Relying upon the Supreme Court decision in Cannon v. University of Chicago, the district court explained that Congress can include indicia in a statute of a private right of action. But since Congress did not provide any language conferring an implied enforcement provision in the act, the district court held that it was powerless to entertain enforcement claims. Accordingly, the District of Northern Texas concluded that Congress did not intend to create an enforcement remedy under the act and limited judicial review to vacating awards.

By contrast, in GPS of New Jersey v. Horizon Blue Cross & Blue Shield, the U.S. District Court for the District of New Jersey found that a final and binding arbitration award may be confirmed if it is not vacated, regardless of what the act fails to incorporate. The court concluded that the existence of a binding and final award “implicitly permits Federal court intervention to compel compliance.”

Section Leaders Are Baffled by Court Split

Litigation Section leaders were baffled by the Texas decision.

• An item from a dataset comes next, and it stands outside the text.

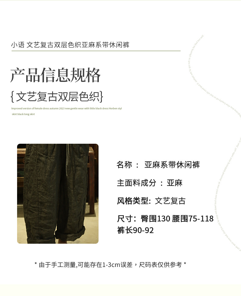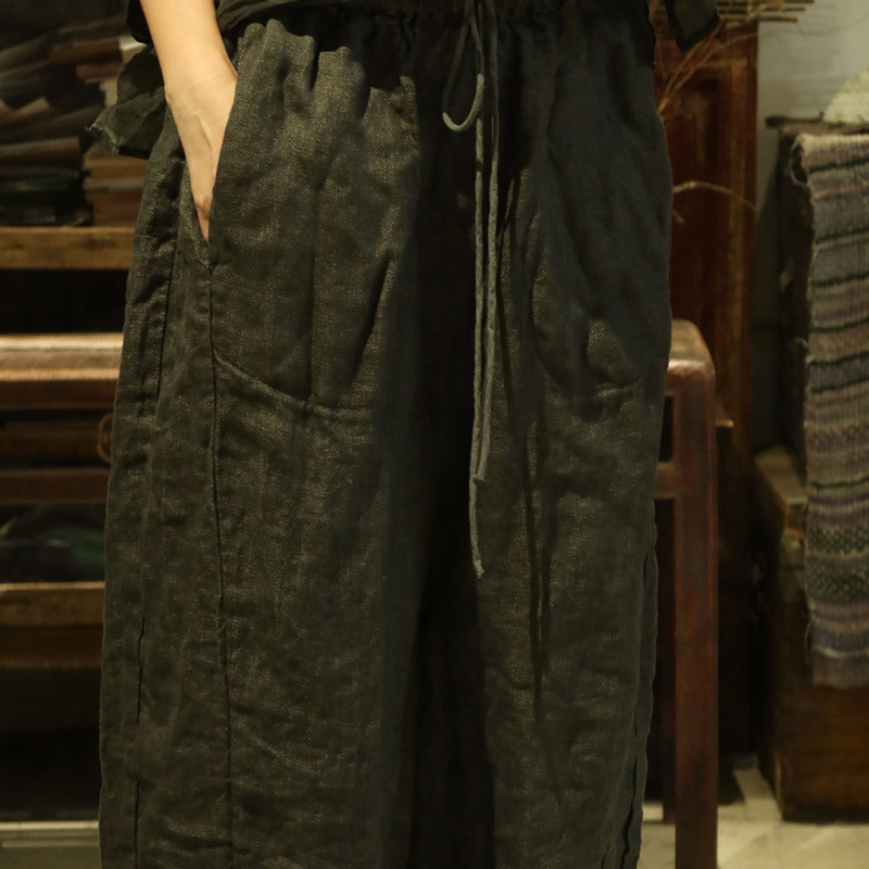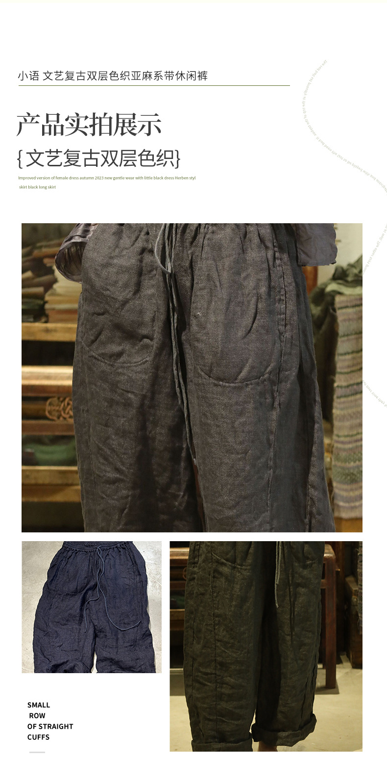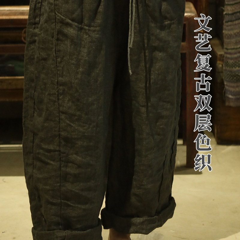 24/10 шепот ретро двухслойный трикотажный льняный шнурки повседневные брюки ретро стиль свободной литературы
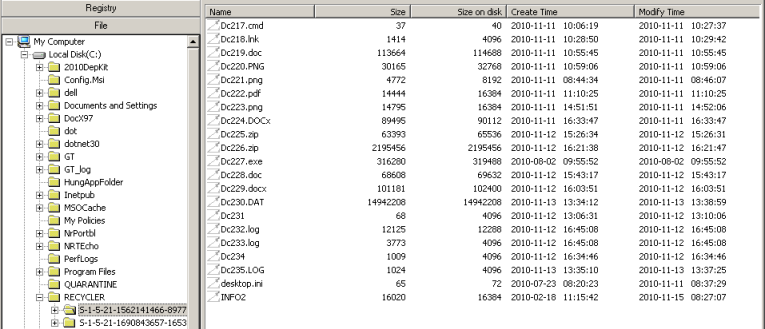 Convinced, I went into the command shell since it revealed the “super” hidden files, navigated to the recycle bin/SID of the user and deleted everything. The next day I continued troubleshooting the same workstation again and, amazingly, came across another one, Dc29.exe:

It is “hard to believe Congress would have a binding arbitration process without a mechanism to enforce an arbitration award,” expressed Seth H. Row, Portland, OR, Co-Chair of the Section’s Insurance Coverage Litigation Committee. The purpose of arbitration under the act is to “streamline a chaotic process [to determine] who gets paid and how much,” explains John B. Mumford, Richmond, VA, Co-Chair of the Section’s Healthcare Disputes & Litigation Committee.

Mumford expressed concern about the inability of providers to enforce arbitration agreements. Even though he was encouraged that the New Jersey court “was willing to entertain the application of the entire FAA,” he cautions that nothing in the decision shows that the court would have applied the entire FAA to enforce an arbitration award.